Competition takes FedEx and UPS to the forefront of technological innovation

Rethink IT, July, 2004

In the realms of supply chain management, few companies are as dependent on the efficiency of their chains than international courier operations, and this has put arch rivals Federal Express and UPS in the forefront of technological innovation. "The information about a package is as important as the delivery of the package itself," said FedEx founder Frederick Smith in 1979, and both his company and its competitors have taken the dictum to heart.

The two companies are increasingly competitive as their core businesses overlap. UPS is encroaching on FedEx' primary speciality, ground delivery, while FedEx, in turn, is moving into UPS's overnight delivery turf.

Both are unusual among corporations in regularly briefing shareholders and analysts about their IT systems, accepting that these are critical to their business performance, and both invest significant percentages of their turnover in technology. Most recently, the fashionable technologies of wireless networking and smart tagging have been incorporated into their strategies, with lessons that can be learned by any company involved in managing complex logistics and supply chain with fast turnaround times and precise deadlines.

In the past two decades, FedEx has acquired a reputation for implementing cutting edge technology, while UPS has been more cautious. The former deploys new technologies as soon as they can be cost justified in terms of improve efficiency and customer service. The latter has a five to seven-year cycle for upgrading its technology base, rolling out an integrated system.

SUPPLY CHAIN

A survey of US business executives, sponsored by UPS, found that most companies still believe supply chains are inefficient, and 65% said that the 'next frontier' would be synchronizing the entire interaction between vendors, customers and suppliers, not just optimizing small pieces of the process. This is what Gunnar Adalberth, director of ecommerce marketing at UPS Europe, calls "visibility--or the real time ability to view the movement of goods and funds as products move through the supply chain".

UPS has built massive IT networks over the past two decades to help capture and use real time information. These networks make transparent the movement of goods inside corporate supply chains, as well as the movement of packages inside UPS's global network.

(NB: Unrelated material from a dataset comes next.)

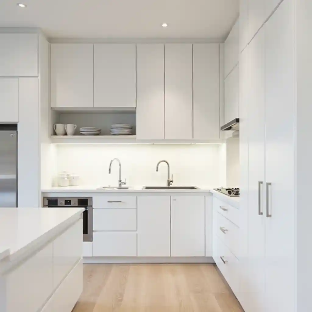 Et moderne, minimalistisk køkken med hvid finish og varme accenter

They support everything from the rapid dispatch of spare parts needed to repair customer equipment to the real time transfer of funds as a package is delivered. Now it aims to shave time and money off the operation of the chain using emerging wireless standards.

WIRELESS IS KEY

Wireless is a key element of both companies' approaches and both believe implicitly in its ability to reduce their costs, improve their efficiency and increase their customer satisfaction ratings.

Both companies have had wireless strategies since the late 1980s, based on proprietary platforms and processes, but in recent years they have started to move to standards as these have evolved, including Wi-Fi, Bluetooth, cellular networks and, just coming onstream, GPS satellite location systems and RFID smart tagging.

Federal Express claims to have been the first transportation company to adopt wireless technology more than 20 years ago.

It allows customers to access package tracking and drop-off location data for consignments via web-enabled devices such as WAP phones, PDAs and pagers.

FedEx also uses wireless data collection devices to scan bar codes on shipments. On average, FedEx Express and FedEx Ground packages are scanned at least a dozen times from pick-up to delivery, using barcodes, and the company is looking at the use of RFID smart tags, which contain a higher degree of intelligence and make tracking packages easier.

"Wireless data connectivity is something we've done for many years. But we had to provide our own bandwidth and we had to develop technology to manage it. Now that commercial products are out there, we have alternatives," FedEx' executive vice president and CIO Rob Carter says.

Wireless, like most aspects of the supply chain and the crucial areas of pick-up and delivery, may be increasingly based on off-the-shelf technologies, but it is believed to give the companies competitive edge. "You only have a six-month advantage in this industry. The technology is not a secret, it's what you do with it," UPS CIO Ken Lacy told News.com.

FedEx, true to its tradition of early adopting, deployed wireless networks in 1999, while UPS waited until 2003 to begin updating its various wireless technologies all at once as part of a larger program to improve package scanning and tracking.

WIRELESS TECHNOLOGY

The two couriers are spending about $120m each over three to five years on wireless, out of a budget of about $1bn a year apiece. Wireless technology in the field is the best way to ensure the real time data on which the companies rely to manage their operations, and since both operate on a global scale, standards have made a significant contribution to lowering the total cost of ownership of the systems and making them more efficient, especially when they need to be integrated with those of partners and customers.